### [WHAT THE EXERCISE ASKS]
First find the line with "Ornate geometric pattern" in the entries below, then set down exactly every line through the line with "フリンジとレースが施され、パフスリーブがかわいく、Aラインで体型カバーしてくれる", that line included.

### [MATERIAL FOR THIS TASK]

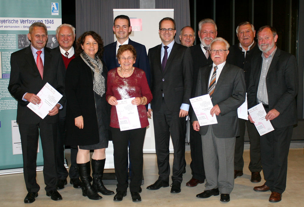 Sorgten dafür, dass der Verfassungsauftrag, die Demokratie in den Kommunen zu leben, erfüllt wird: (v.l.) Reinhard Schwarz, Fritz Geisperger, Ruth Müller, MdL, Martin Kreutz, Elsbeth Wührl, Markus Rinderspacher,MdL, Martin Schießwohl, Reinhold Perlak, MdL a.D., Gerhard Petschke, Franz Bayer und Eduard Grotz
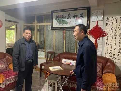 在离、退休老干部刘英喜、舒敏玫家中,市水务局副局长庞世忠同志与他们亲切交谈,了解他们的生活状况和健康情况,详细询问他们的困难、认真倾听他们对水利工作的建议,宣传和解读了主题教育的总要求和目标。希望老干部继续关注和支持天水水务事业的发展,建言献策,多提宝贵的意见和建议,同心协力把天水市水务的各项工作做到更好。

---

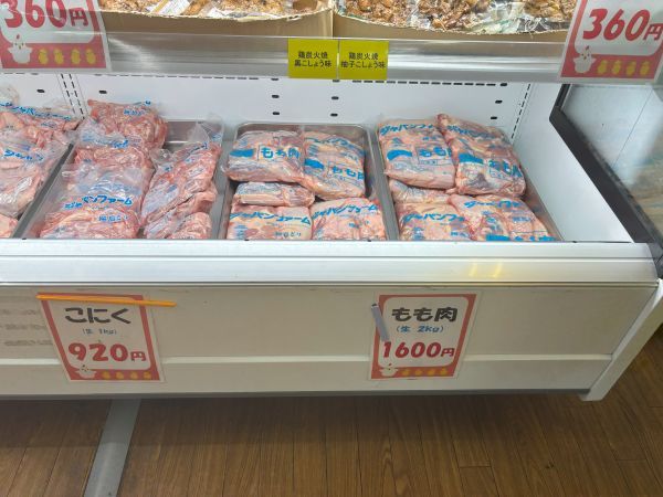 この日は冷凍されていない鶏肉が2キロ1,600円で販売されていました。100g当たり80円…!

--

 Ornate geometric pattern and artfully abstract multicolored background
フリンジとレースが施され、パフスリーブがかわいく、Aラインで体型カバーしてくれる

### [ANSWER SPACE]
 Ornate geometric pattern and artfully abstract multicolored background
フリンジとレースが施され、パフスリーブがかわいく、Aラインで体型カバーしてくれる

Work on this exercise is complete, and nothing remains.